In Brazil, the leftist Lula da Silva's narrow victory margin in the presidential elections must be seen for what it is: a measured rejection, in hard times, of the outgoing Jair Bolsonaro's right-wing excesses, in favor of competent moderation. But it bodes for very uncertain times ahead
SAO PAULO — October 30 election marks a remarkable return to the presidency for socialist Luis Inácio Lula da Silva, and spells defeat for the sitting president, the "Trump-like" Jair Bolsonaro. And yet, October 30 also is the beginning of a period of political cohabitation between two fierce opponents.
Cohabitation is not an uncommon situation in certain parliamentary systems, though Brazil may lack the necessary shock absorbers found in other democracies. This will be Lula da Silva's third presidential term — a historic feat for the former union leader who was jailed just four years ago over the corruption scandals that stained his earlier presidencies.
Lula, the leader of the PT or Workers Party, should not however be complacent. His victory margin was notably narrow, which can be interpreted as a reward of sorts for the achievements of his earlier administrations, and a rebuke — though not as sharp as some had hoped — for Bolsonaro's antics.
It also remains to be seen how the handover of power will play out, with Bolsonaro still not publicly conceding defeat the day after final results came in.
Slowing inflation, economic growth and a fall in jobless rates played a role here, so there is a political message in the results not to be ignored.
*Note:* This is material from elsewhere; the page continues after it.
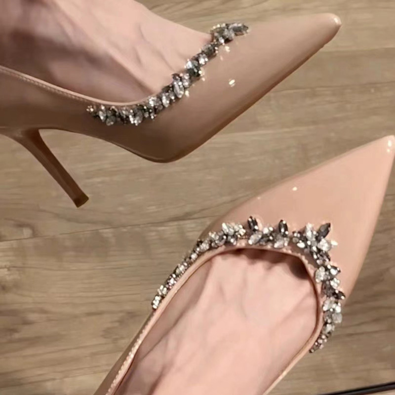 2026新款秋冬季裸色高跟鞋女细跟尖头水钻漆皮不累脚气质单鞋婚鞋

Bolsonaro's lingering power
Bolsonaro garnered an impressive number of votes and remains in a position of force in spite of losing office. His allies won in relevant states like Sao Paulo, Río de Janeiro and Minas Geráis, and he retains control of minority blocks in the Senate and lower house.
There is no way around it: the ballots from Sunday confirm the presence of two dominant forces. One is the political Center led by Lula, which emerged from a shift away from the Left that inevitably recognized the country's profound social changes of recent years. The other is the extreme Right, which holds politicians like the former U.S. President Donald Trump and Hungarian Prime Minister Victor Orbàn as modelsm and repeatedly questions the republic itself. This force isn't about to disappear.
An excess of pragmatism can smack of cynicism.
Will these two sides be able to work together? There will be haggling at every turn, and the cohabitation will work in keeping in check the voracity of either side. Politicians on Lula's side are familiar with the habit of trading votes over issues or personal and political interests, which has long been customary in the Brazilian legislature, especially the lower house, and can indicate pragmatism and an acceptance of trade-offs. Bolsonaro is also well-practiced in it. But an excess of such "pragmatism" can smack of cynicism, and was also at the heart of Lula's legal problems.
And it may explain his narrow victory margin. Voters will have noted there was no self-criticism in his campaign for the corruption that became rampant in the last two PT governments led by Lula's successor Dilma Rousseff. He said nothing of the economic crises that angered the electorate and catapulted Bolsonaro, previously an obscure politician, to the presidency. Lula's reluctance to speak of the past or clarify his economic plans may have limited voter participation Sunday, and his margin of victory.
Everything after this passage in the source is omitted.